The detachment of personhood from the umpire’s actions obscures our focus in discussing, and addressing, these issues; so we focus too much on specific people, or we view the problems as an insurmountable entity. That crisis of focus becomes a violence of forgetting, of protecting power by forgetting that people with power are often the ones creating and enforcing these unjust attitudes and systems.

A year after the event transpired, Serena Williams wrote about how that public experience with misogynoir made her question herself in an all-too-common way for Black women. “What could I have done better? Was I wrong to stand up?” She asked herself this constantly, while simultaneously battling with feeling like she stole Naomi Osaka’s moment of celebration because of how the umpire treated her unjustly. That right there is a textbook example of the emotional violence inflicted upon Black women when their experiences are so-often dismissed. For Williams, it steeled her resolve to continue advocating and fighting for justice, but Serena Williams is not every Black woman.
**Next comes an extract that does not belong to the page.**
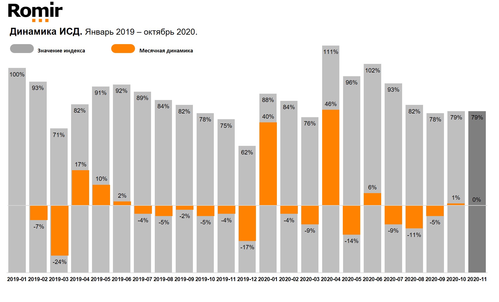 «Динамику индекса нельзя назвать негативной: в ноябре много распродаж (Черная пятница, 11.11, Киберпонедельник и др.) и траты возрастают. Аналогичную картину мы видели в прошлом ноябре, против которого 2020 год показывает рост. По итогам года ИСД, конечно, будет низким, но, тем не менее, мы можем надеяться, что в декабре мы снова увидим позитивную динамику против прошлого года», - комментирует результаты исследования исполнительный директор Mile Group Инна Караева.
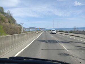 また山の中に入り、噴火湾沿いの長万部に出て海岸線をしばし走ります。

Any Black woman would be well within their rights to walk away from the fight. Fighting to be seen as human everyday is tiring.

All of this violence — of historical vigilantism, against hope, of obscuring memory and protecting power, against emotion — it was shown in one photo. That 2018 photo of Serena Williams arguing with the chair umpire is only one example of how a photo can mean so much more in the context of our world’s problems with injustice. And there’s no separating anything from the context of our extensive history of injustice.

So the next time you look at an image, remember that even a photo showing something that seems simple can have immense power over the narrative of conflict, of demonstrating a cyclical history of violence without using any obvious tropes of violence. This isn’t about philosophizing a mere argument into a debate over our heavy history and toxic cultures. It’s about recognizing how in capturing and discussing these moments, the history of violence we have still drips through, whether we know it or not.